▼

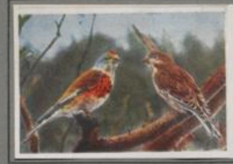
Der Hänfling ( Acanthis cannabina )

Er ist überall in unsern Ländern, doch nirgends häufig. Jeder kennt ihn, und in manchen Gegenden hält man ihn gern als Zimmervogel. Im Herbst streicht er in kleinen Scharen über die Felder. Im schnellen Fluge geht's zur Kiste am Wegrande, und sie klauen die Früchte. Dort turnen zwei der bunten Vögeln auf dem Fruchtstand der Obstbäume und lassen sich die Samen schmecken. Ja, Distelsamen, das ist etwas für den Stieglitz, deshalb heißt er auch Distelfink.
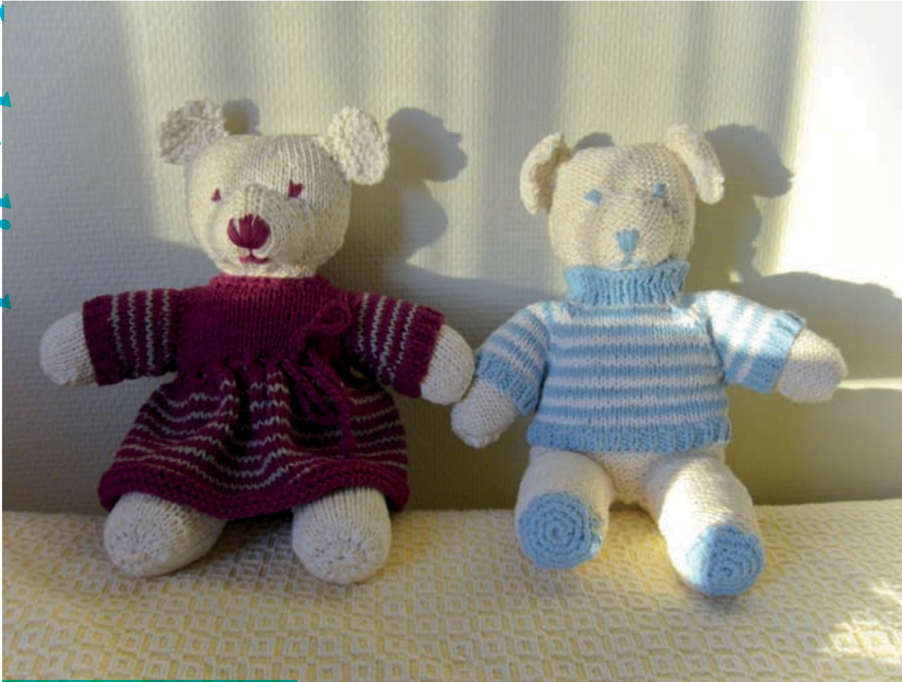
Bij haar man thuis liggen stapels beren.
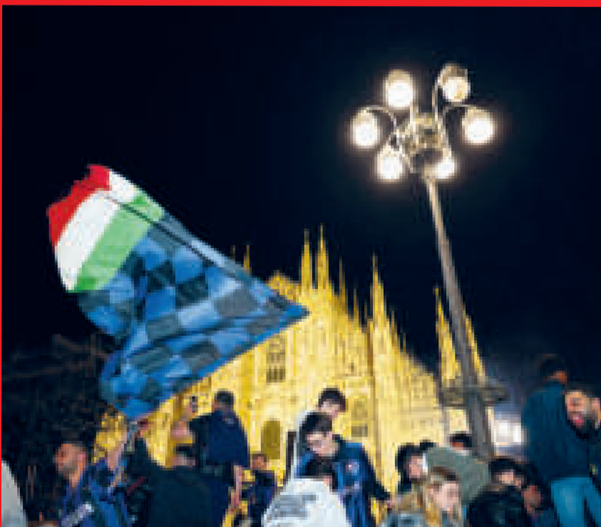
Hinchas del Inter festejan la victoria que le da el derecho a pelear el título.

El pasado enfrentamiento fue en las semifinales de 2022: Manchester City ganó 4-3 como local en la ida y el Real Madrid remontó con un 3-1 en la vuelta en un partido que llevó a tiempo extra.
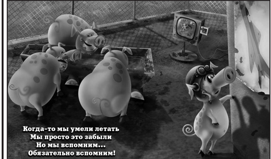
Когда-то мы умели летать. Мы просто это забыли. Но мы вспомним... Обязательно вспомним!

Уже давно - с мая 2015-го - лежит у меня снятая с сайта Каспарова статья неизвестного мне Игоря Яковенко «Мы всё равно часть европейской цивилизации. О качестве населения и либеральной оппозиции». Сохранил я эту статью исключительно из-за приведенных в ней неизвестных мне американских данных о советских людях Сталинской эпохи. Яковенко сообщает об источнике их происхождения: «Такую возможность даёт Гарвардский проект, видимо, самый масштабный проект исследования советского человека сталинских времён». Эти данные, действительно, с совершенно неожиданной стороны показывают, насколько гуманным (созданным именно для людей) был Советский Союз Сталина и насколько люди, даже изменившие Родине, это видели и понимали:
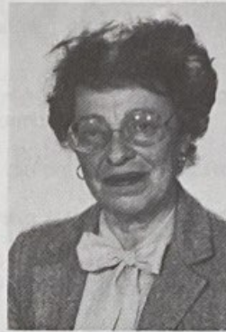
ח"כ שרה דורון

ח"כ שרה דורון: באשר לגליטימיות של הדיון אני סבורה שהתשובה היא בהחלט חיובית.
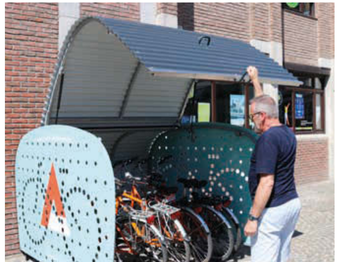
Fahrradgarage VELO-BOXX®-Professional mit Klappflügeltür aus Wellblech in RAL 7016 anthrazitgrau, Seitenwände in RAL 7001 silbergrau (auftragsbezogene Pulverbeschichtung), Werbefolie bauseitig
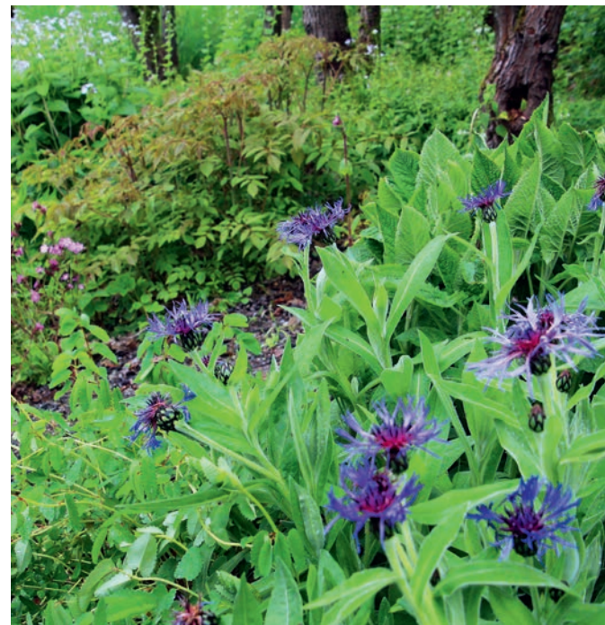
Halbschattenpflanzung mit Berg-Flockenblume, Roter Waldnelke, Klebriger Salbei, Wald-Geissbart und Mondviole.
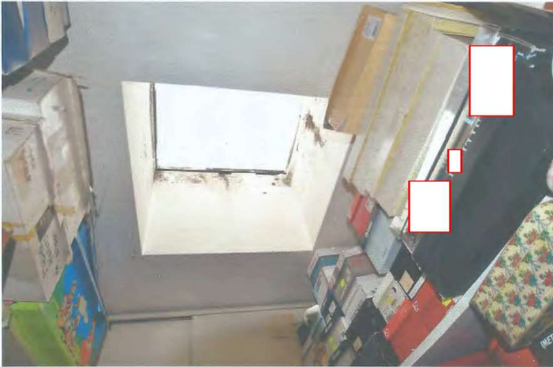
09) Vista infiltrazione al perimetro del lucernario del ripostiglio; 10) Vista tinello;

▲

Begin with the line containing "היא בהחלט חיובית.", stop at the last line of the records above, and copy every line in between exactly, both ends included, with no pictures.

ח"כ שרה דורון: באשר לגליטימיות של הדיון אני סבורה שהתשובה היא בהחלט חיובית.
Fahrradgarage VELO-BOXX®-Professional mit Klappflügeltür aus Wellblech in RAL 7016 anthrazitgrau, Seitenwände in RAL 7001 silbergrau (auftragsbezogene Pulverbeschichtung), Werbefolie bauseitig
Halbschattenpflanzung mit Berg-Flockenblume, Roter Waldnelke, Klebriger Salbei, Wald-Geissbart und Mondviole.
09) Vista infiltrazione al perimetro del lucernario del ripostiglio; 10) Vista tinello;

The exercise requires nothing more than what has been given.